Single by Alabama

from the album Mountain Music
- B-side: "Never Be One"
- Released: January 22, 1982 (U.S.)
- Recorded: 1981
- Genre: Country, bluegrass
- Length: 3:39 (single edit) 4:12 (album version)
- Label: RCA Nashville 13019
- Songwriter: Randy Owen
- Producers: Harold Shedd and Alabama

Alabama singles chronology
| "Love in the First Degree" (1981) | "Mountain Music" (1982) | "Take Me Down" (1982) |

Audio
- "Mountain Music" on YouTube

Music video
- "Mountain Music" on YouTube

= Mountain Music (song) =

"Mountain Music" is a song recorded by American country music band Alabama, written by lead singer Randy Owen. It was released in January 1982 as the lead-off single and title track to Alabama's album Mountain Music.

==About the song==
"Mountain Music" — a song melding the Southern rock and bluegrass genres — has variously been described by country music writers as "a modern country classic" and a song that "practically defined what country groups have strived to accomplish."

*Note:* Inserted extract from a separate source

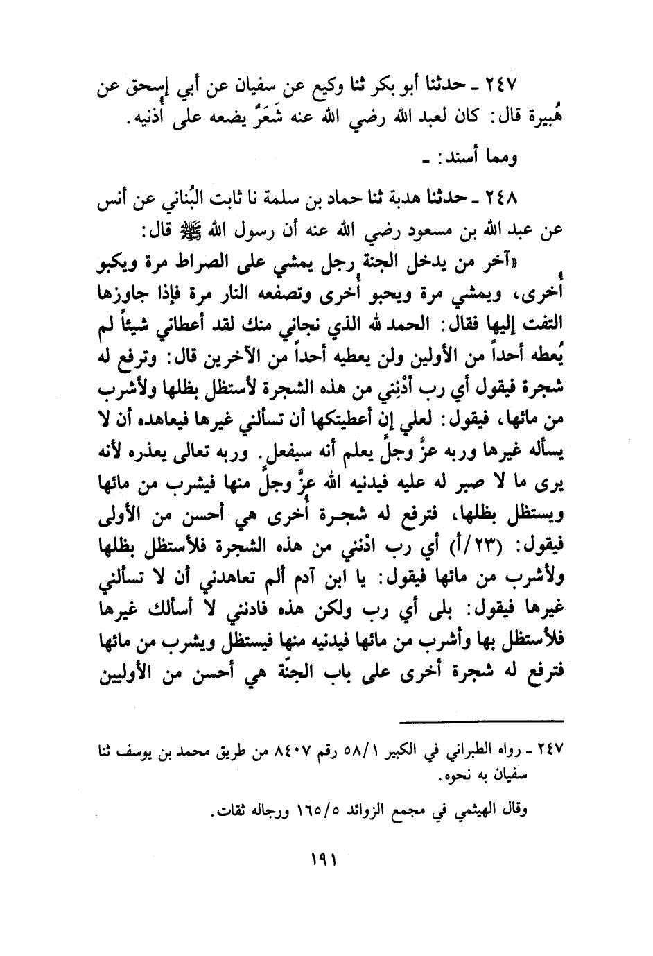 248 - حَدَّثَنَا هُدْبَةُ، ثنا حَمَّادُ بْنُ سَلَمَةَ، نا ثَابِتٌ الْبُنَانِيُّ، عَنْ أَنَسٍ، عَنْ عَبْدِ اللَّهِ بْنِ مَسْعُودٍ رَضِيَ اللَّهُ عَنْهُ، أَنَّ رَسُولَ اللَّهِ صَلَّى اللهُ عَلَيْهِ وَسَلَّمَ قَالَ: " §آخِرُ مَنْ يَدْخُلُ الْجَنَّةَ رَجُلٌ يَمْشِي عَلَى الصِّرَاطِ مَرَّةً، وَيَكْبُو أُخْرَى، وَيَمْشِي مَرَّةً وَيَحْبُو أُخْرَى، وَتَصْفَعُهُ النَّارُ مَرَّةً فَإِذَا جَاوَزَهَا الْتَفَتَ إِلَيْهَا فَقَالَ: الْحَمْدُ لِلَّهِ الَّذِي نَجَّانِي مِنْكِ لَقَدْ أَعْطَانِي شَيْئًا لَمْ يُعْطَهُ أَحَدٌ مِنَ الْأَوَّلِينَ، وَلَنْ يُعْطِيَهُ أَحَدًا مِنَ الْآخِرِينَ. قَالَ: وَتُرْفَعُ لَهُ شَجَرَةٌ فَيَقُولُ: أَيْ رَبِّ، أَدْنِنِي مِنْ هَذِهِ الشَّجَرَةِ لِأَسْتَظِلَّ بِظِلِّهَا وَلِأَشْرَبَ مِنْ مَائِهَا، فَيَقُولُ لَعَلِّي إِنْ أَعْطَيْتُكَهَا أَنْ تَسْأَلَنِي غَيْرَهَا؟ فَيُعَاهِدُهُ أَنْ لَا يَسْأَلَهُ غَيْرَهَا وَرَبُّهُ عَزَّ وَجَلَّ يَعْلَمُ أَنَّهُ سَيَفْعَلُ وَرَبُّهُ تَعَالَى يَعْذِرُهُ لِأَنَّهُ يَرَى مَا لَا صَبْرَ لَهُ عَلَيْهِ فَيُدْنِيهِ اللَّهُ عَزَّ وَجَلَّ مِنْهَا فَيَشْرَبُ مِنْ مَائِهَا وَيَسْتَظِلُّ بِظِلِّهَا، فَتُرْفَعُ لَهُ شَجَرَةٌ أُخْرَى هِيَ أَحْسَنُ مِنَ الْأُولَى فَيَقُولُ: أَيْ رَبِّ، أَدْنِنِي مِنْ هَذِهِ الشَّجَرَةِ فَلْأَسْتَظِلَّ بِظِلِّهَا وَلْأَشْرَبْ مِنْ مَائِهَا فَيَقُولُ: يَا ابْنَ آدَمَ، أَلَمْ تُعَاهِدْنِي أَنْ لَا تَسْأَلَنِي غَيْرَهَا فَيَقُولُ: بَلَى أَيْ رَبِّ، وَلَكِنْ هَذِهِ فَأَدْنِنِي لَا أَسْأَلُكَ غَيْرَهَا فَلْأَسْتَظِلَّ بِهَا وَأَشْرَبْ مِنْ مَائِهَا. فَيُدْنِيهِ مِنْهَا فَيَسْتَظِلُّ وَيَشْرَبُ مِنْ مَائِهَا فَتُرْفَعُ لَهُ شَجَرَةٌ أُخْرَى عَلَى بَابِ الْجَنَّةِ هِيَ أَحْسَنُ مِنَ الْأُولَيَيْنِ -[192]- فَيَقُولُ: أَدْنِنِي مِنْ هَذِهِ فَلْأَسْتَظِلَّ بِظِلِّهَا وَلْأَشْرَبْ مِنْ مَائِهَا. فَيَقُولُ: يَا ابْنَ آدَمَ أَلَمْ تُعَاهِدْنِي أَنْ لَا تَسْأَلَنِي غَيْرَهَا فَيَقُولُ: بَلَى يَا رَبِّ، وَلَكِنْ هَذِهِ فَلْأَسْتَظِلَّ بِظِلِّهَا وَأَشْرَبْ مِنْ مَائِهَا لَا أَسْأَلُكَ غَيْرَهَا فَيُعَاهِدُهُ أَنْ لَا يَسْأَلَهُ غَيْرَهَا، وَرَبُّهُ عَزَّ وَجَلَّ يَعْلَمُ أَنَّهُ سَيَسْأَلُهُ غَيْرَهَا وَرَبُّهُ تَعَالَى يَعْذِرُهُ لِأَنَّهُ يَرَى مَا لَا صَبْرَ لَهُ عَلَيْهِ، فَيُدْنِيهِ اللَّهُ تَعَالَى مِنْهَا فَيَسْمَعُ أَصْوَاتَ أَهْلِ الْجَنَّةِ فَيَقُولُ: يَا رَبِّ أَدْخِلْنِي الْجَنَّةَ يَا رَبِّ أَدْخِلْنِي الْجَنَّةَ لَا أَسْأَلُكَ غَيْرَهَا. فَيَقُولُ: يَا ابْنَ آدَمَ، أَيُرْضِيكَ أَنْ أُعْطِيَكَ مِثْلَ الدُّنْيَا وَمِثْلَهَا مَعَهَا فَيَقُولُ: أَيْ رَبِّ أَتَسْتَهْزِئُ بِي وَأَنْتَ رَبُّ الْعَالَمِينَ " فَيَضْحَكُ ابْنُ مَسْعُودٍ رَضِيَ اللَّهُ عَنْهُ، وَقَالَ: أَلَا تَسْأَلُونِي مِمَّا ضَحِكْتُ؟ قَالُوا: وَمِمَّ ضَحِكْتُ؟ فَقَالَ: هَكَذَا فَعَلَ رَسُولُ اللَّهِ صَلَّى اللهُ عَلَيْهِ وَسَلَّمَ فَقَالَ: «أَلَا تَسْأَلُونِي مِمَّ أَضْحَكُ؟» قَالُوا: وَمِمَّ تَضْحَكُ يَا رَسُولَ اللَّهِ؟ قَالَ: «مِنْ ضَحِكِ رَبِّ الْعَالَمِينَ» ، فَيَقُولُ: «إِنِّي لَا أَسْتَهْزِئُ مِنْكَ وَلَكِنِّي عَلَى مَا أَشَاءُ قَدِيرٌ»

According to Randy Owen's book Born Country, "Mountain Music" took him three years to write. He wanted to put his childhood experiences into a song.

The song references chert rocks, which according to the band is one song lyric that is commonly misheard.

===Vocals===
"Mountain Music" is one of the few Alabama songs where solo vocals can prominently be heard from band members Teddy Gentry and Jeff Cook (in the song's third verse, where lead singer Owen trades off lead vocals with his bandmates).

Brad Paisley's 2011 single "Old Alabama" incorporates the bridge from "Mountain Music", again sung by Owen, Gentry and Cook.

==Single and album edits==
The single edit to "Mountain Music", released for retail sale and radio airplay, cuts the following from the album version:

- The introduction, in which an old mountain philosopher speaks about someday climbing a mountain. This Walter Brennan impression was done by Bob Martin, a guitar handler and roadie with the band. It refers to a song Brennan recorded called "Old Rivers", which repeats the line "... one of these days I'm gonna climb that mountain..." A harmonica solo can also be heard at the very beginning.
- A series of guitar riffs slowly builds in tempo from slow to very fast. This is nestled between the third refrain and the fast-tempoed fiddle-heavy musical bridge before the finalé.

==Cover versions==
Country music duo Montgomery Gentry covered the song from the television special George Strait: ACM Artist of the Decade All Star Concert.

==Critical reception==
In 2024, Rolling Stone ranked the song #61 on its 200 Greatest Country Songs of All Time.

==Charts==
Released in January 1982, "Mountain Music" became Alabama's sixth No. 1 song on Billboard magazine's Hot Country Singles chart the same week the Academy of Country Music named the group the Top Vocal Group and Entertainer of the Year.

To date, "Mountain Music" remains one of the group's most popular songs.

===Weekly charts===

| Chart (1982) | Peak position |
|---|---|
| US Hot Country Songs (Billboard) | 1 |
| US Bubbling Under Hot 100 (Billboard) | 1 |
| Canadian RPM Country Tracks | 1 |
| Canadian RPM Adult Contemporary Tracks | 1 |

===Year-end charts===

| Chart (1982) | Position |
|---|---|
| US Hot Country Songs (Billboard) | 24 |

==Certifications==

Certifications for Mountain Music
| Region | Certification | Certified units/sales |
| United States (RIAA) | Platinum | 1,000,000^{‡} |
^{‡} Sales+streaming figures based on certification alone.